President Vaclav Klaus and his Austrian counterpart Thomas Klestil, who arrived on a one-day visit to the Czech Republic on Thursday, have discussed Czech-Austrian relations and cooperation within the EU. The two presidents also touched upon controversial questions of Czech-Austrian relations. However, according to President Klaus they did not mention the so-called Benes decrees in their conversation and Mr Klaus himself is not preparing any specific gestures, demanded by some Austrian politicians in connection with the Benes decrees, which sanctioned the deportation of ethnic Germans from Czechoslovakia after the Second World War. President Klestil said that Austrian leaders were pleased at the progress in the so-called Melk process, which was designed to assure expert security for the Temelin nuclear power plant. The power station is located close to the Czech-Austrian border and has been the cause of many protests in the nuclear-free Austria.
The Czech Prime Minister Vladimir Spidla and the outgoing Justice Minister Pavel Rychetsky have agreed on the successor to Mr Rychetsky in the post, but the name will be disclosed after Mr Spidla returns from his US trip. Mr Rychetsky, whose candidacy to the Constitutional Court was approved by the Senate on Wednesday, has said he plans to resign on Tuesday, while proposing his successor at the same time. Among the names, Czech media have been mentioning in connection with the post are Ceske Budejovice-based lawyer Vladimir Papez, Education Minister Petra Buzkova, the deputy chairwoman of the lower house Jitka Kupcova and Social Democrat MPs Zdenek Koudelka and Stanislav Krecek.

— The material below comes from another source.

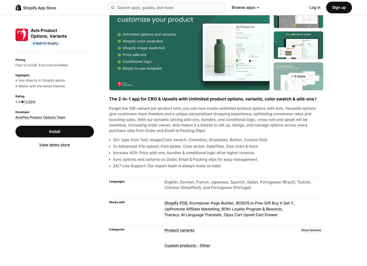 Avis Product Options is a comprehensive solution that offers a vast range of option types and dynamic pricing to maximize order value. It is an excellent all-around choice for merchants who need advanced features backed by reliable, around-the-clock support.

The Finance Ministry said on Wednesday that the government's budget gap would grow faster than expected this year to about 8.3 percent of GDP, nearly three times the limit for European Union countries. Rising social costs, bank bailouts and a cleanup after last year's devastating floods would contribute to what the ministry said would be a public finance deficit of more than 196 billion crowns (7.2 billion dollars) by the end of 2003. Earlier this year the ministry estimated a 176 billion deficit, well above the 111 billion crowns set budget for 2003 approved by parliament. Last year's deficit was 45 billion crowns. The government has proposed a broad series of tax hikes, government layoffs, pension cuts and other reforms in the hope of reducing the deficit to 4 percent by 2006 and below 3 percent by 2010, the year Prague hopes to join the euro zone. Parliament is expected to begin acting on the reform package in September.

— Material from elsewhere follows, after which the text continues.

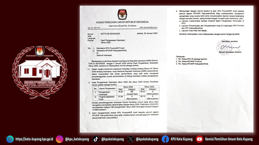 #Teman Pemilih, Kinerja Komisi Pemilihan Umum mendapatkan predikat “MEMUASKAN” terkait Tingkat Digitaslisai Arsip berdasarkan pengawasan dan evaluasi Badan Arsip Nasional Republik Indonesia (ANRI), Kupang (27/1). Secara Nasional, Komisi Pemilihan Umum merupakan Lembaga penyelenggara Pemilihan Umum sehingga kearsipan merupakan elemen penting yang merekam jejak pelaksanaan Pemilu dan Pemilihan secara khusus dari segi administratif. Kondisi ini memberikan gambaran bahwa administasi tidak hanya terpaku pada system pertanggungjawaban semata, akan tetapi merupakan salah satu aspek akuntabilitas dari Lembaga terkait, terhadap pelaksanaan program dan kegiatan kelembagaan dalam proses pelayanan publik, sehingga dapat meningkatkan kepercaayaan publik atau Masyarakat. Berdasarkan hasil pengawasan yang dikeluarkan oleh Badan Arsip Nasional Republik Indonesia terkait pengawasan Kearsipan di liungkungan Komisi Pemilihan Umum ada beberapa aspek yang dinilai yaitu “Pengawasan Kearsipan” dengan Nilai 80,43 di Kategori (A/Memuaskan) dan “Tingkat Digitalisasi Arsip” dengan Nilai 86,79 di Kategori (A/Memuaskan). Predikat penilaian yang diterima merupakan Gambaran Kepatuhan Lembaga terhadap Regulasi yang berlaku serta motivasi untuk terus meningkatkan akuntabiltas pelaksanaan program dan kegiatan yang terekam secara tertip dalam system kearsipan kelembagaan khususnya dalam pelaksanan Pemilu dan Pemilihan. Sekretaris Jenderal Komisi Pemilihan Umum Republik Indonesia melalui Surat Nomor: 207/TU.06-SD/03/2026 Perihal Hasil Pengawasan Kearsipan Tahun 2025, Tanggal 26 Januari 2026. Memberikan apresiasi kepada KPU Provinsi dan KPU Kabupaten/Kota atas kerjasama yang baik sehingga pengelolaan kearsip mendapatkan hasil yang sangat memuaskan. ....

The Czech power company CEZ, Europe's second largest electricity exporter, emerged as a frontrunner on Thursday after Slovakia reopened a tender for the indebted utility Slovenske Elektrarne. CEZ said on Thursday it would bid in the tender after the Slovak government reopened the stalled sell-off on Wednesday, a move widely seen as a nod to CEZ to enter the race and jumpstart the process. In acquiring the Slovak firm, the cash-rich CEZ is looking to make itself a significant player in the region and open a path to Hungary and the Balkan countries as European Union accession looms next May. Slovakia is offering to sell 49 percent and management control in the dominant utility. It received eight bids in the preliminary round that closed last September.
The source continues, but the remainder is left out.